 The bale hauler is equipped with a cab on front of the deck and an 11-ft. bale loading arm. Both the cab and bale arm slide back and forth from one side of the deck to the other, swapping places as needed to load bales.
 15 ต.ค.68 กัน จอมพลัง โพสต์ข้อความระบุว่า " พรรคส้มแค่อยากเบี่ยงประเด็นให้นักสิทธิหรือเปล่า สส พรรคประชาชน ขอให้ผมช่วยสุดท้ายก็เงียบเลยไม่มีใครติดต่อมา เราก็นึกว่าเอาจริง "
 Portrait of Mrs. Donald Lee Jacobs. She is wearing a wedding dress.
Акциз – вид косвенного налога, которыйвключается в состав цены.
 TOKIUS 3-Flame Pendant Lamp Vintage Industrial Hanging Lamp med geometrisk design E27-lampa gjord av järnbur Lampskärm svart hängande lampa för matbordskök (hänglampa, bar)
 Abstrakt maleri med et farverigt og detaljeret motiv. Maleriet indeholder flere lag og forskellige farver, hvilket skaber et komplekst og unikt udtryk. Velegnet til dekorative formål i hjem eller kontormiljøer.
* * *
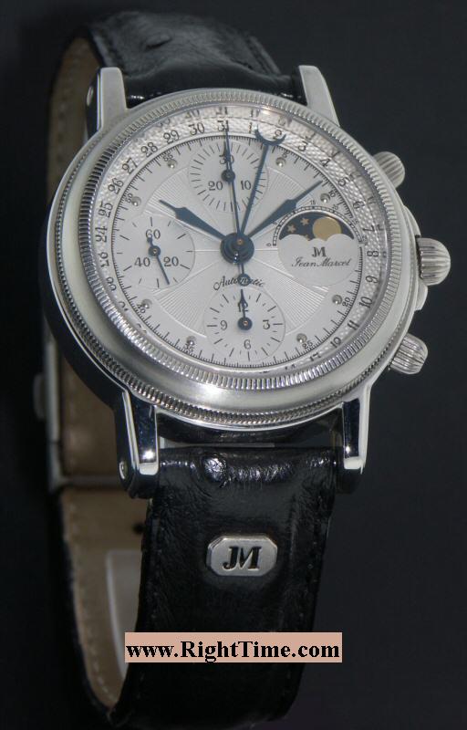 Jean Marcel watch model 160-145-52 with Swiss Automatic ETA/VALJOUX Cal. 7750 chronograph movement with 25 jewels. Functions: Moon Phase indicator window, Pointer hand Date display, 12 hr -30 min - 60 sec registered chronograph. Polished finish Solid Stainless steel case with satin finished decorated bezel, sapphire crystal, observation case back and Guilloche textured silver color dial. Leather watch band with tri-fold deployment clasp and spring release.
--
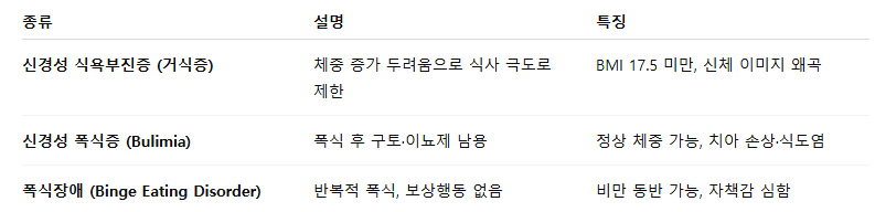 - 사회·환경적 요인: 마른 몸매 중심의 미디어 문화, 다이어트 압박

▶ _TASK DESCRIPTION_
Copy the lines of the data above exactly as written, beginning with the line containing "The bale hauler" and ending with the line containing "15 ต.ค.68 กัน", and leave out all other lines.

▶ _ANSWER_
 The bale hauler is equipped with a cab on front of the deck and an 11-ft. bale loading arm. Both the cab and bale arm slide back and forth from one side of the deck to the other, swapping places as needed to load bales.
 15 ต.ค.68 กัน จอมพลัง โพสต์ข้อความระบุว่า " พรรคส้มแค่อยากเบี่ยงประเด็นให้นักสิทธิหรือเปล่า สส พรรคประชาชน ขอให้ผมช่วยสุดท้ายก็เงียบเลยไม่มีใครติดต่อมา เราก็นึกว่าเอาจริง "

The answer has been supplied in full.